## Hsf1 binding motif

We have a table of Hsf1 ChIP-Seq peaks, including the name of the chromosome and the position of the "summit" within the peak.

In earlier classes, we learned how to read in the yeast genome sequence.

Today, we'll look up the genome sequence around each ChIP-Seq summit and write our own Fasta-format file that we can use as input to MEME, the motif search tool.

We'll use pandas quite a bit here.

We saw last time that the "peaks" file from MACS contained all the information we wanted, with nicely named columns.

We'll read in the peaks file `ChIP_1M_peaks.xls` as a pandas `DataFrame` and store it in the `peaks` variable

Use `sort_values()` to sort peaks according to their significance. Start with the most significant peak first, using the `ascending` parameter.

We can use the `head` function to take only the "best" peaks.

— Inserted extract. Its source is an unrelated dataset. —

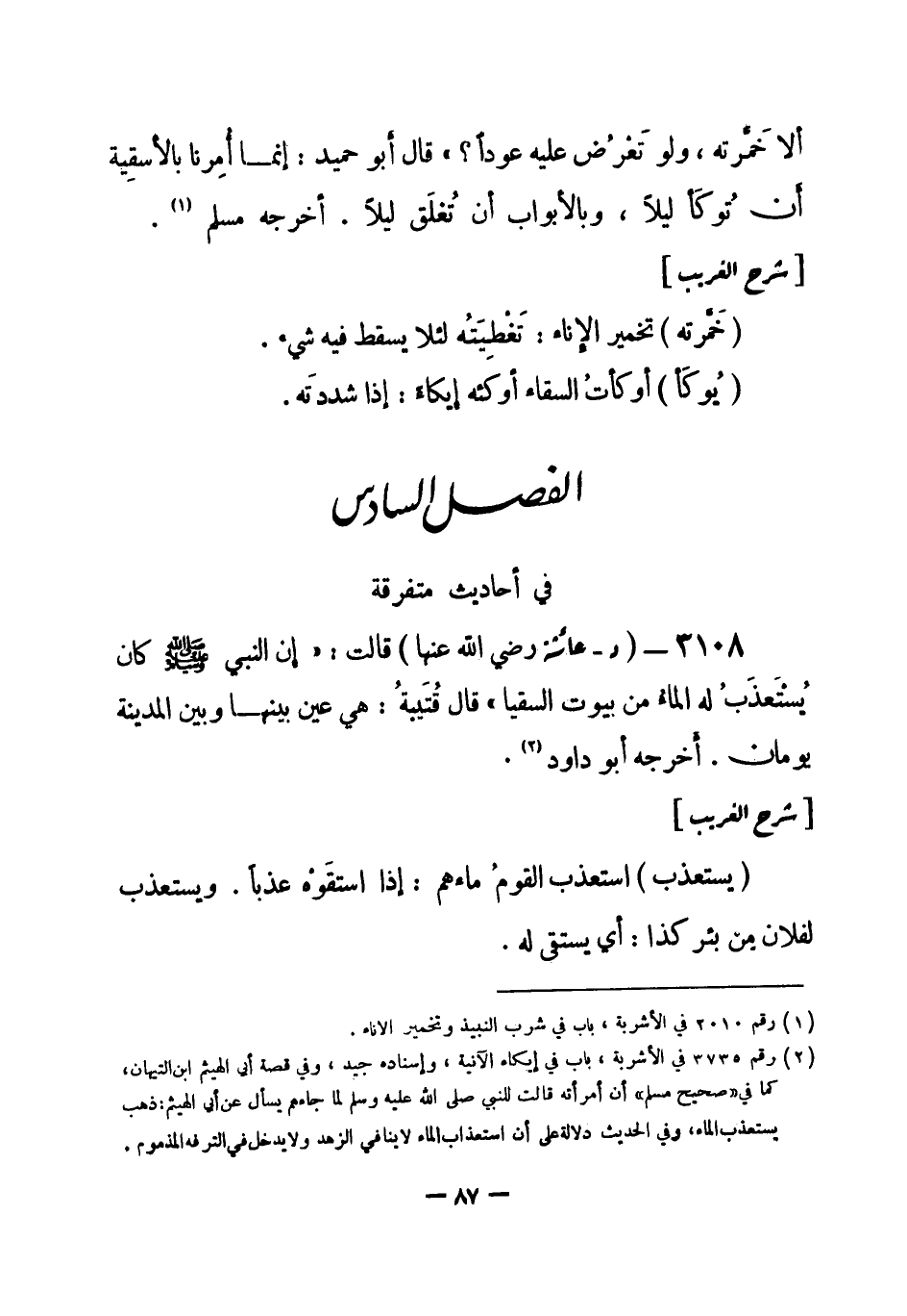 (¬1) رقم (3735) في الأشربة، باب في إيكاء الآنية، وإسناده جيد، وفي قصة أبي الهيثم ابن التيهان، كما في " صحيح مسلم " أن امرأته قالت للنبي صلى الله عليه وسلم لما جاءهم يسأل عن أبي الهيثم: ذهب يستعذب الماء، وفي الحديث دلالة على أن استعذاب الماء لا ينافي الزهد ولا يدخل في الترفه المذموم.

We'll test our code on the best 5 peaks from the mini ChIP-Seq data set here in class today.

We will extract the DNA sequence in a somewhat arbitrary window of ~100 base pairs, 50 on each side of the actual summit.

To do this, define two new columns in the `peaks` data frame, one containing the start of the motif search region and the other containing the end of the region. We'll call these `motif_start` and `motif_end`

We want to _loop_ over each row of the `DataFrame`.

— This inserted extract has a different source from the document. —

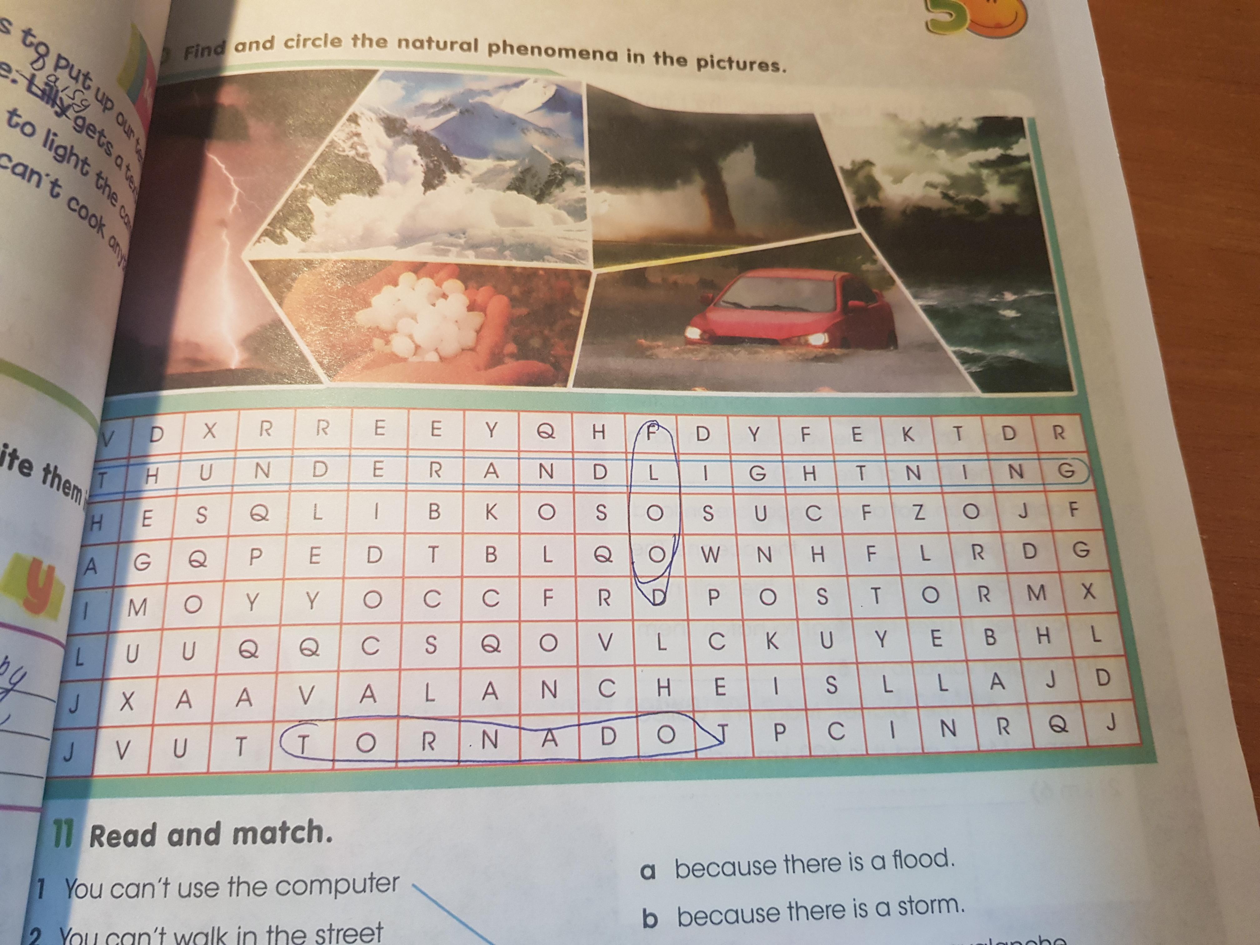 tornado, thunder, lightning, flood, storm, avalanche, hail.

The `itertuples()` method gives us an iterator over the rows. Each row is a `namedtuple` with named fields taken from the column names in the DataFrame.

To illustrate this, loop over each peak and print the name and the location (chromosome and start to end coordinates).

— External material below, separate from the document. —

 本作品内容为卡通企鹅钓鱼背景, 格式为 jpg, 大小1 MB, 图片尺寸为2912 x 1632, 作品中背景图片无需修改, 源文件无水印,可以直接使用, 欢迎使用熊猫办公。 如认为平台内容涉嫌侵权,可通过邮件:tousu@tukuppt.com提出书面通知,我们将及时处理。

To extract the sequences from these regions of the genome, we need to refer back to the yeast genome sequence.

Below, we import `SeqIO` from the `Bio` package.

I've also provided the name of the fasta file of chromosome sequences.
```
chrom_file = '/home/jovyan/shared/MCB280A_data/S288C_R64-3-1/S288C_reference_sequence_R64-3-1_20210421.fsa'
```

In [None]:
from Bio import SeqIO

chrom_file = '/home/jovyan/shared/MCB280A_data/S288C_R64-3-1/S288C_reference_sequence_R64-3-1_20210421.fsa'

As a starting point, we'll extract the sequence for one _manually defined_ genomic region.
```
motif_chr = 'chrI'
motif_start = 141723
motif_end = 141823
```

We'll loop through each chromosome, test whether its name (the `.name` field) matches our chromosome of interest, and then slice out the desired region from the sequence (in the `.seq` field).

In [None]:
motif_chr = 'chrI'
motif_start = 141723
motif_end = 141823

Next, instead of manually defining the region, we'll loop over the rows in `peaks` and use the values in the table for each sequence.

This works okay, but it's inefficient because we read the genome file once for each peak. Instead, we can read the genome just once and store the sequence in a `dict`. We'll use the chromosome names as the _key_ and the sequence as the _value_.

Build this dictionary in a variable named `genome`.

Now, we can use the `.get()` method on the `genome` dictionary to look up any chromosome sequence we want, very quickly.

Adapt the loop above for this more efficient 

Now, let's write these sequences into our own Fasta file.

We'll need to create our own `Seq` and `SeqRecord` objects. To do this, we'll need to import some more parts of biopython:
```
from Bio.Seq import Seq
from Bio.SeqRecord import SeqRecord
```

In [None]:
from Bio.Seq import Seq
from Bio.SeqRecord import SeqRecord

After doing this, we can create our own sequence object by writing `Seq(...)`

We can create our own sequence record—a sequence object, plus a _name_ in the `id` field, as well.

Finally, we can use the `SeqIO.write()` function to write a list of `SeqRecord`s into a file. This function has three parameters:
```
SeqIO.write(list-of-sequences, filename, format)
```

Now, we will construct a list called `sites` containing a `SeqRecord` for each ChIP-Seq peak. Then, we'll write the list into a file called `"Hsf1_sites.fa"`.